Data entries

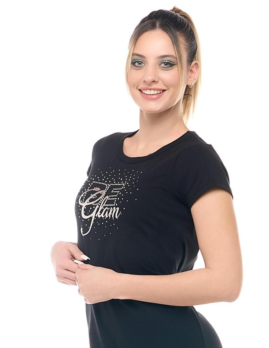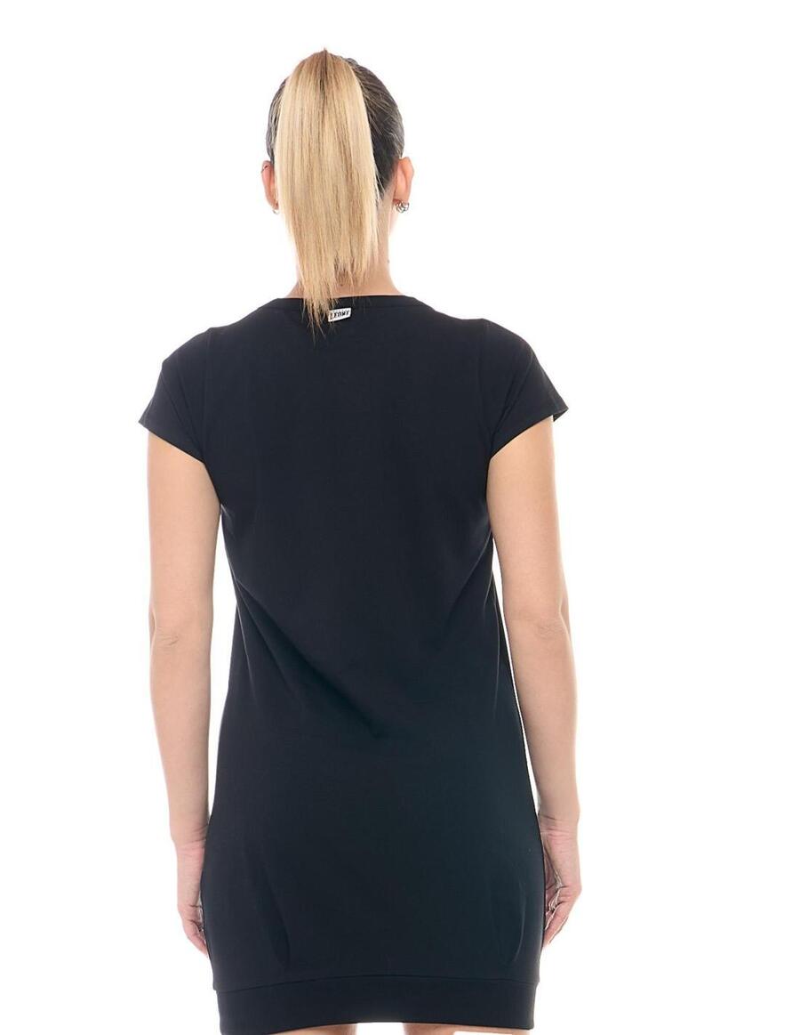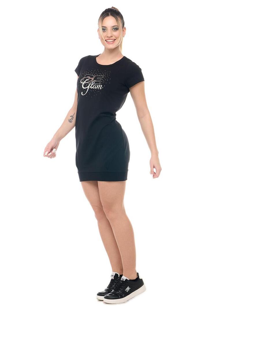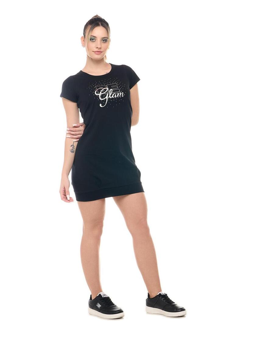 Футболка макси, длина платья. Изготовлена из эластичного хлопка, с биркой со стразами по центру.
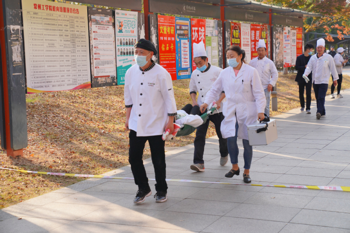 此时警报声响起,应急疏散引导组迅速打开消防疏散通道,食堂负责人一边向食堂内师生员工不断喊话“食堂发生火情,请大家不要慌张、拥挤,马上向外疏散离开食堂”,一边有序组织大家疏散;灭火行动组利用消防器材扑救,努力控制火势;救援、急救行动组及时对“伤员”进行医疗救治;现场警戒组迅速拉起警戒线,维持现场秩序。
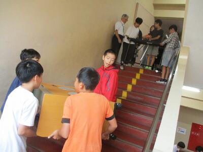 5・6年生が音楽会に向けて体育館に楽器を運んでくれました。いよいよ体育館練習のスタートです。
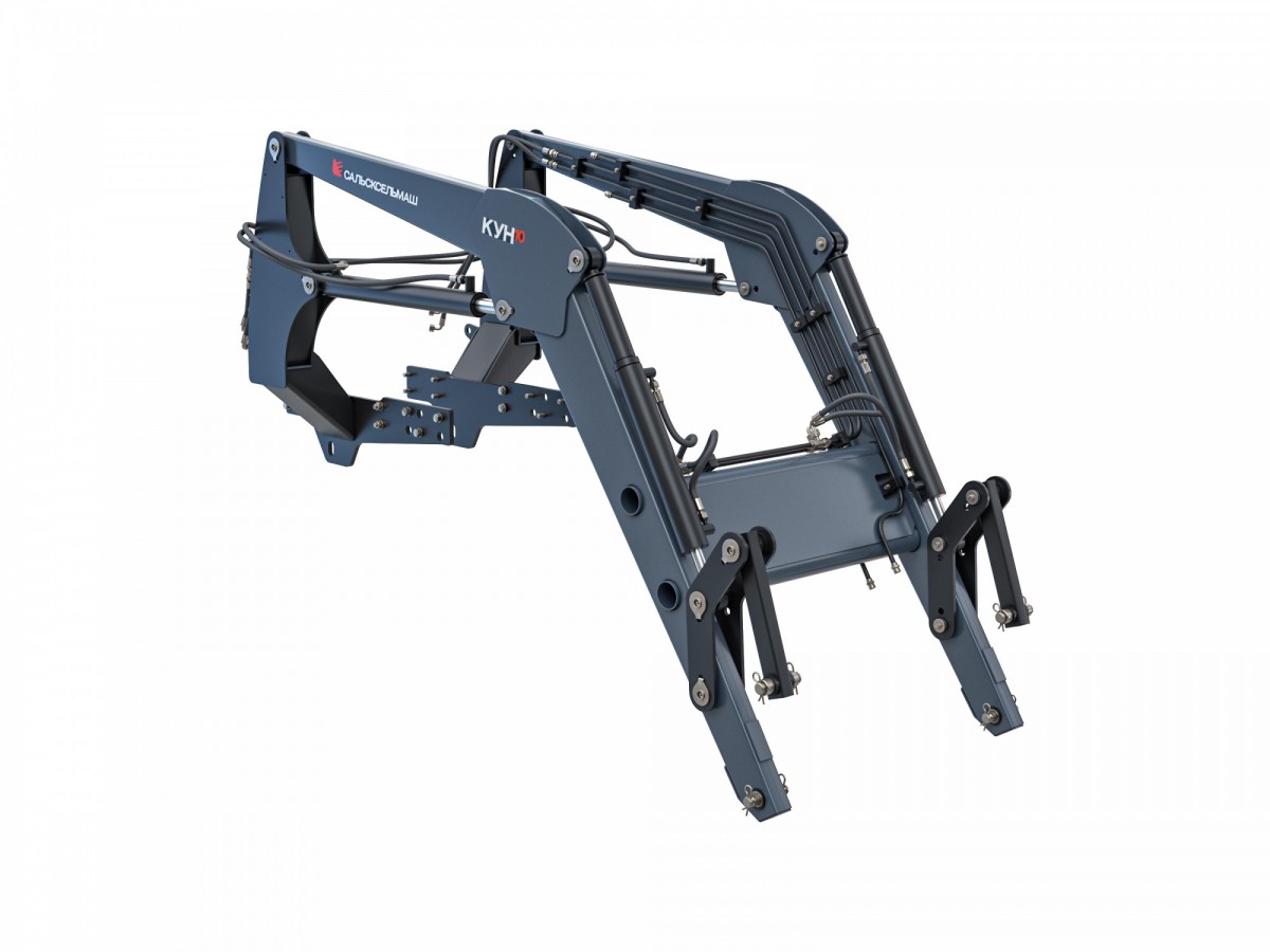 Навесной фронтальный погрузчик КУН-10 агрегатируется с тракторами МТЗ 82 и другими моделями серии 8-й, обеспечивая надёжное сцепление и устойчивость при работе.
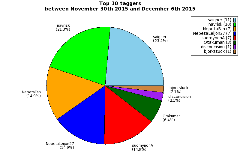 | Top 10 taggers between November 30th 2015 and December 6th 2015 | ||
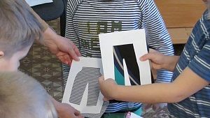 Воспитатель: Давайте рассмотрим старинные приспособления для ткачества. (Дети рассматривают расположение нитей на станке, челнок с нитью, чесалку и её работу по продвижению переплетенных нитей. Они поочерёдно продевают челнок с нитью между натянутых поперечных нитей.)
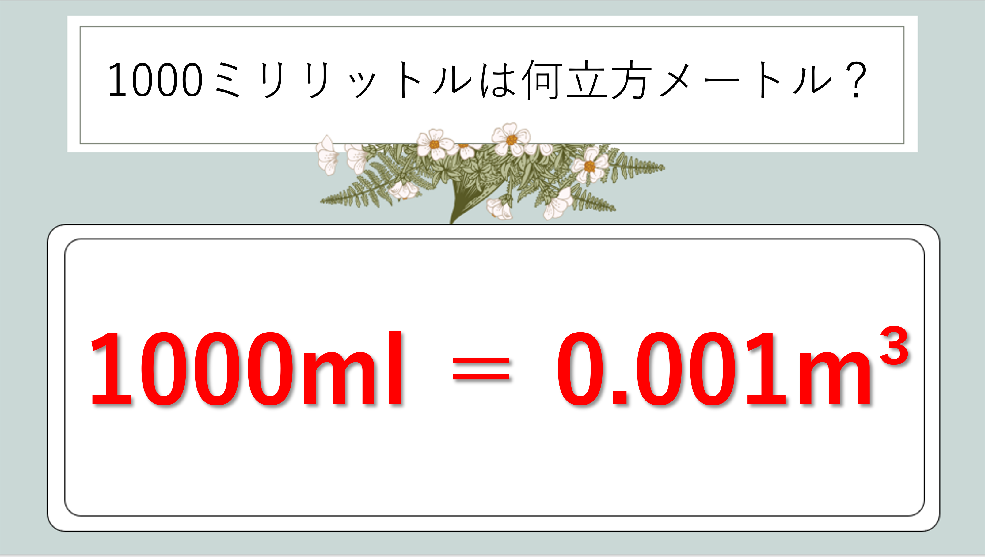 ズバリ、1000ml=0.001m3です。小数点の多い数字に見えますが、変換の仕組みを理解すればとてもシンプルな計算です。
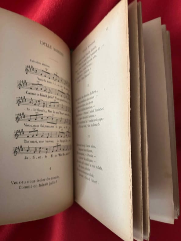 Ernest Flammarion, sd. (1900) 1900 In-12 demi-basane à coins, dos à nerfs, fer spéciale, couverture supérieure rempliée et illustrée en couleurs conservée, tête dorée, 234 pp. Dessins et partitions gravés dans le texte et à pleine page. Bon exemplaire.
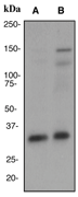 A.Western blot analysis on (A) SH-SY5Y and (B) 293T cell lysates using anti-TorsinA RabMAb (Cat. APR13775G), dilution 1:1000. |
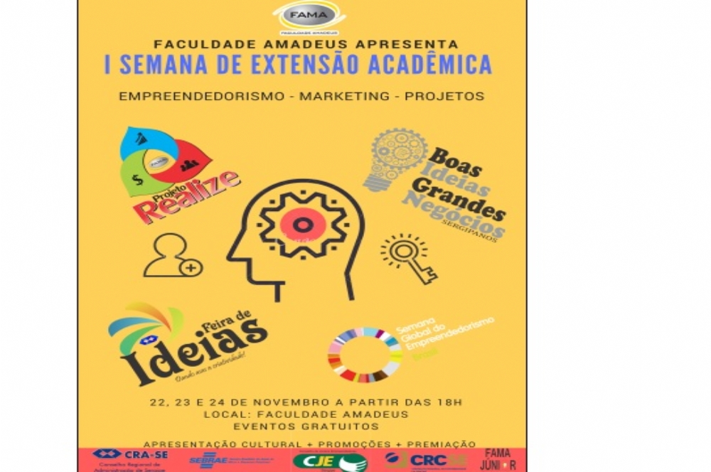 De 22 a 24 desse mês a partir das 18:30h na Faculdade Amadeus acontecerá I Semana de Extensão Acadêmica da Faculdade Amadeus. Serão três projetos de extensão das seguintes áreas: Empreendedorismo, Marketing e Gestão de Projetos. O evento faz parte da Semana Global de Empreendedorismo, que acontece em todo o mundo neste período e tem apoio do CJE/CONAJE.
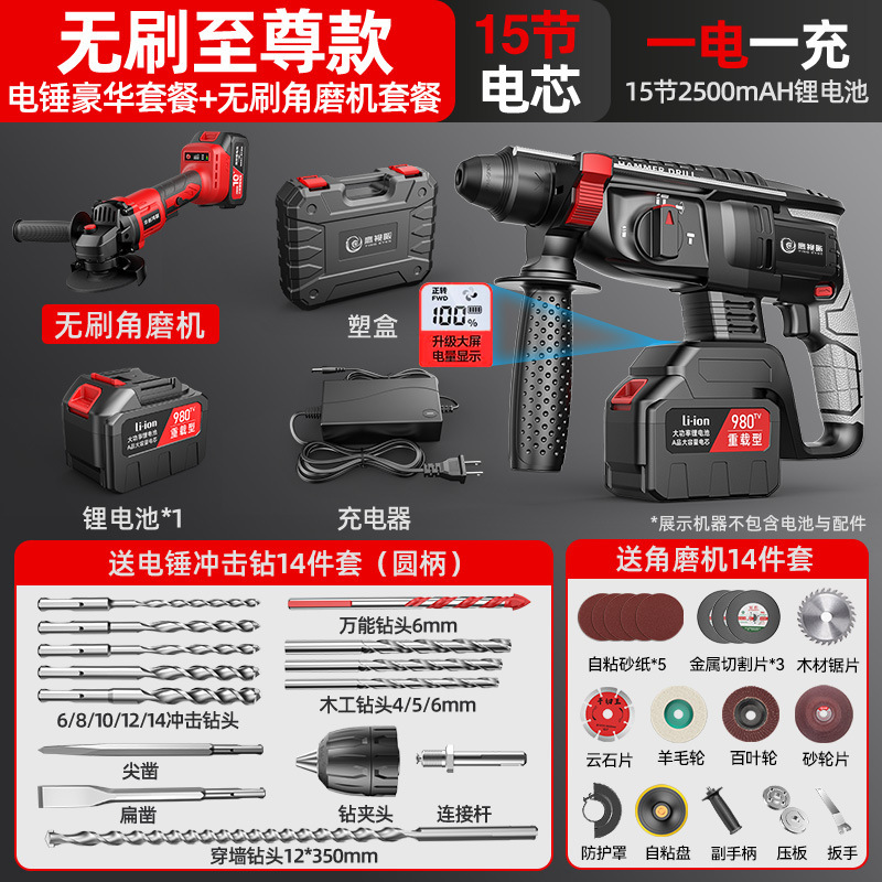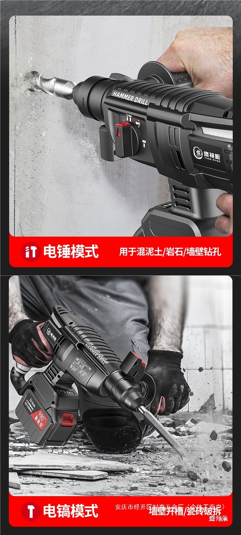 브러시리스 리튬 해머 콘크리트 다기능 리튬 타악기 드릴 전기 드릴 무거운 무선 충전 전기 픽 3 Li Xiao
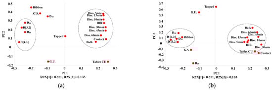 Score scatter plot of roller compaction: (a) PC1 and PC2, (b) PC1 and PC3. The group within the gray dotted lines located opposite each other indicate a negative correlation. Contact: contact angle; Diss.: dissolution: G.U.: granule uniformity: G.S.: granule strength; Tapped: tapped density; Bulk: bulk density; Ribbon: ribbon density; IDR: intrinsic dissolution rate.

Problem to work on
Beginning with the line that contains "De 22 a 24 desse", output every line down to the last line of the entries above exactly as written, apart from the pictures.

Response below
 De 22 a 24 desse mês a partir das 18:30h na Faculdade Amadeus acontecerá I Semana de Extensão Acadêmica da Faculdade Amadeus. Serão três projetos de extensão das seguintes áreas: Empreendedorismo, Marketing e Gestão de Projetos. O evento faz parte da Semana Global de Empreendedorismo, que acontece em todo o mundo neste período e tem apoio do CJE/CONAJE.
 브러시리스 리튬 해머 콘크리트 다기능 리튬 타악기 드릴 전기 드릴 무거운 무선 충전 전기 픽 3 Li Xiao
 Score scatter plot of roller compaction: (a) PC1 and PC2, (b) PC1 and PC3. The group within the gray dotted lines located opposite each other indicate a negative correlation. Contact: contact angle; Diss.: dissolution: G.U.: granule uniformity: G.S.: granule strength; Tapped: tapped density; Bulk: bulk density; Ribbon: ribbon density; IDR: intrinsic dissolution rate.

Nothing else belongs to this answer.